Paper: Sarcoidosis cases in workers from British Columbian industries with potential beryllium exposure

Author(s) and Affiliation(s):
Tim K. Takaro, Faculty of Health Sciences, SFU, Burnaby
Chris McLeod, Centre for Health Services and Policy Research, UBC, Vancouver
Mieke Koehoorn, School of Environmental Health, UBC, Vancouver
Paul Demers, School of Environmental Health, UBC, Vancouver
Day/Time: Friday at 13:30
Room: St. Patrick Room, 3rd Floor
Objectives:

Chronic beryllium disease (CBD) is a growing problem for nations with industries that use beryllium, with cases reported from U.S., eastern Canada, Germany, France, the U.K., Sweden, Poland, S. Korea, Japan, Israel and Kazakhstan. No cases of CBD have been diagnosed in workers of British Columbia (BC) despite many potential exposure settings. This investigation identified cases of sarcoidosis, a disease often confused with CBD, between 1991 and 2006 in BC workers with potential beryllium exposure.

Methods:

The study utilized administrative databases from BC’s single payer health system to link cases of sarcoidosis to employers with potential beryllium exposure. Such employers were selected a-priori based on census data, industry directories, website searches and expert opinion. Cases were either ICD-9 or ICD-10 classified sarcoidosis. Denominators were from industry estimates from 2006 Canadian Census data.

Results:

A total of 2,663 sarcoidosis cases were found in the cohort, with 201 cases in high-risk industries.
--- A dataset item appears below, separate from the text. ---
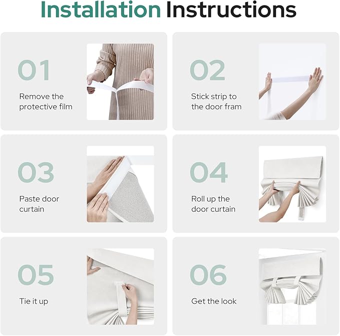 - 🌸EASY HANGING: The package includes 1 door curtain panel and 1 adhesive strip. It can be easily installed without any tools or curtain rods. Just follow our instructions picture to install, put the sticky strip on the glass, and join together with the sticking place on the door curtain panels firmly.

The overall sarcoidosis rate in non-beryllium industries was 11.6/10,000 workers for the larger ICD-9 derived cohort (n= 1958) and 2.9 for ICD-10 cohort (2001-2006, N=504). This mean was used as a threshold to indicate elevated rates in beryllium industries. Twelve potential beryllium industries had rates > 11.6, in the early years and eight > 2.9 in the later years. The highest rates were in electric power generation, boiler, tank and container manufacture and aircraft maintenance.

Conclusions:

We used the BC health linked databases to identify several industries in the province with potential beryllium exposure and elevated rates of sarcoidosis. Sentinel cases of beryllium sensitization or early disease might be identified in these industries using the beryllium lymphocyte proliferation test.